Modelling and predicting to take action
SNCF researchers use both physical and data modelling to limit the cost of designing, monitoring, maintaining and operating the French rail network.
Monitor. Predict. Act. You can’t see them, but more and more of our trains are packed with tiny sensors, collecting huge quantities of data throughout each journey. Analysing this data yields a wealth of insights. For example, we use post-processing data from wheelset acceleration to monitor track geometry and keep an eye on changing track fault kinetics. Both have tremendous value for improving routine track maintenance.
Using predictions to improve maintenance
Our researchers also develop solutions that help us better understand rail fatigue—which lets us predict when cracks will appear and how they’ll spread. They model the track’s mechanical strength against fatigue, using both physical modelling and ultrasound measurements. Our aim? Predict when cracks will appear, and schedule maintenance to prevent breakage.

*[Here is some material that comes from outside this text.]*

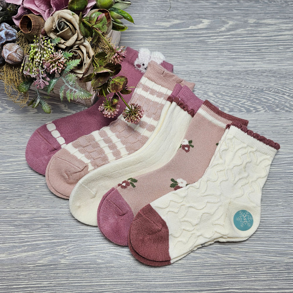 Lány VASTAG gyapjú virág mintás zokni 5 pár/csomag

Representing the rail system
“If the quality of our initial input—say, track measurements or train characteristics—is good, digital modelling can represent rail systems with high confidence,” says Nicolas Lestoille, a railway dynamics design engineer at SNCF Réseau’s Industrial and Engineering Division, and a member of our Synapses network.
Combining data...
For both track geometry and rail fatigue, our engineers combine information from data with information from mechanical simulations. “That’s what sets our team apart: we carefully select and combine physical and data-based models to optimize rail operations—surveillance, design, maintenance and certification,” says Christine Funfschilling, head of the Mechanical Systems and Interactions unit in SNCF’s Technology, Innovation and Group Projects Division.
... with mechanical simulations
With rail fatigue, for example, the physical model feeds into the data model. But sometimes the opposite is true: insights from the data model round out the physical model. And in other cases, our experts use both to keep calculation costs under control. Recently they’ve focused on cutting consumption by optimizing the speed trajectories of our trains—a task that demands expertise in both physics and mathematics.

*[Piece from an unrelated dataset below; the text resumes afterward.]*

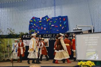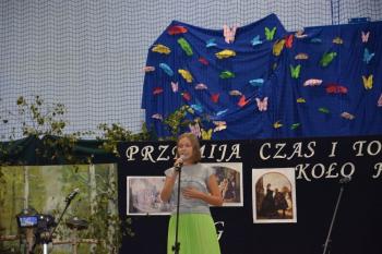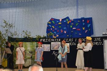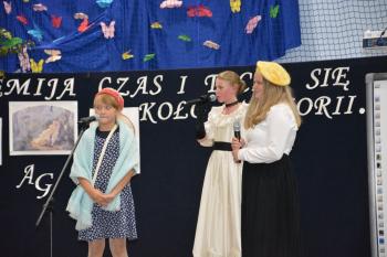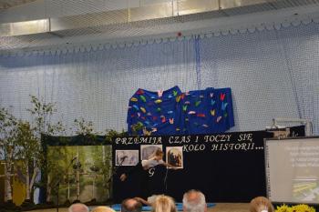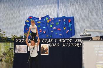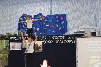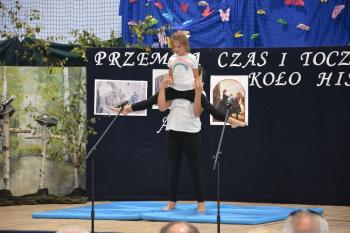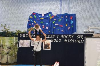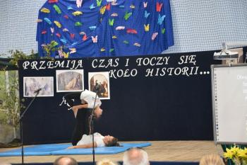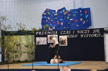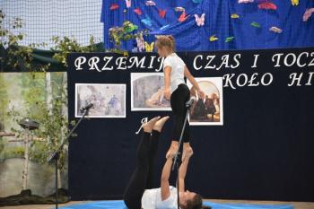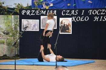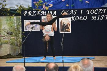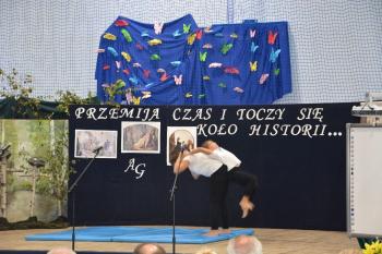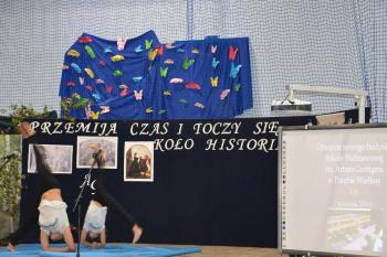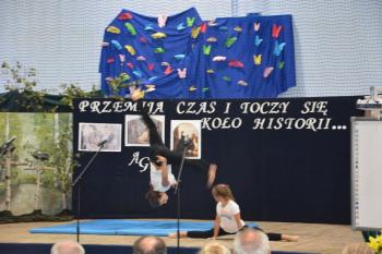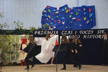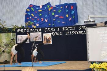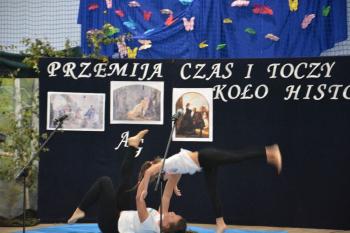 Po historycznym wstępie przenieśliśmy się do czasów współczesnych. Wanda i Artur oddali głos uczennicom. Zwróciły one uwagę na fakt zmieniających się czasów i zapowiedziały kolejne interesujące występy. Był między innymi pokaz akrobatyczny Sióstr Cinalskich, występy grupy artystyczno-muzycznej a także taniec nowoczesny.

3 questions for Christine Funfschilling
What are the benefits of your work?
Basically, our aim is to develop innovative methods that will help SNCF Group reduce the cost of certifying, monitoring, maintaining and operating our rolling stock and infrastructure. Our customers benefit when we limit the disruptions and delays that can result from defects in these processes.
How does that help design tomorrow’s trains?
The aim of rail system physics is to better understand and better simulate the extremely complex behaviour of trains in their environment. That’s a critical step towards designing and adapting trains to meet the demands of new transport systems.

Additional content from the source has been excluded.